According to the National Women’ns Hall of Fame, today’s supermarket refrigerated and frozen food sections are the direct result of the pioneering work of Dr. Mary Engle Pennington. A bacteriological chemist, food scientist and refrigeration engineer, Pennington devoted most of her career to studying refrigeration and its application to food freshness and safety.
Pennington’s interest in science was apparent early when, at age 12, she became fascinated with a book on medical chemistry. She went to the University of Pennsylvania and demanded that a professor explain what she had read to her.

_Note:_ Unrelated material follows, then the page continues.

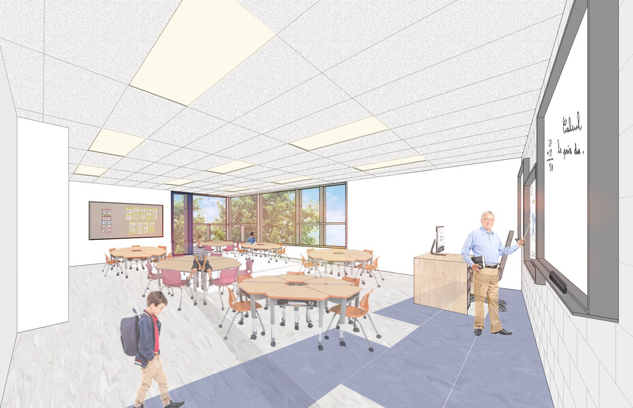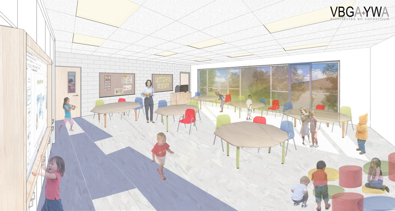 Un des principaux enjeux du projet fût de concevoir un agrandissement sans diminuer considérablement la superficie de la cour d’école. Ce dernier comporte l’ajout de 5 classes régulières, de 10 classes de maternelle, d’une salle polyvalente et d’un gymnase double. De plus, le bâtiment présente plusieurs mesures écoresponsables.

The professor suggested that she learn to read and spell the words and return when she was older, promising to help her when she did so.
Denied a bachelor’s degree in 1892 because of her gender, Mary Engle Pennington received a certificate of proficiency in chemistry and then earned her Ph.D. in chemistry at the same institution, the University of Pennsylvania, in 1895. She founded the Philadelphia Clinical Laboratory in 1898, joined the US Department of Agriculture in 1905, became FDA’s first female lab chief under Harvey Wiley following the passage of the 1906 Pure Food and Drugs Act and became the Chief of its Food Research Lab in 1908.
Pennington’s work helped establish that maintaining low bacterial counts in refrigerated foods such as eggs, milk, and cheese was critical to food safety and purity. Pennington steadfastly refused to appear in court hearings or allow her staff to do so, keeping her sole focus on research.
In 1919 she left civil service to continue her work on food preservation. Then she developed new interests in the safety of the new frozen foods that dominated the later years of her professional life.
In 1923, Pennington was recognized by the American Society of Heating, Refrigeration and Air-conditioning Engineers (ASHRAE) as the foremost American authority on home refrigeration. She was profiled by the New Yorker as “Ice Woman” in 1941, was the first woman elected to the Poultry Historical Society Hall of Fame (1959) and was elected a fellow by the American Society of Refrigerating Engineers in 1947.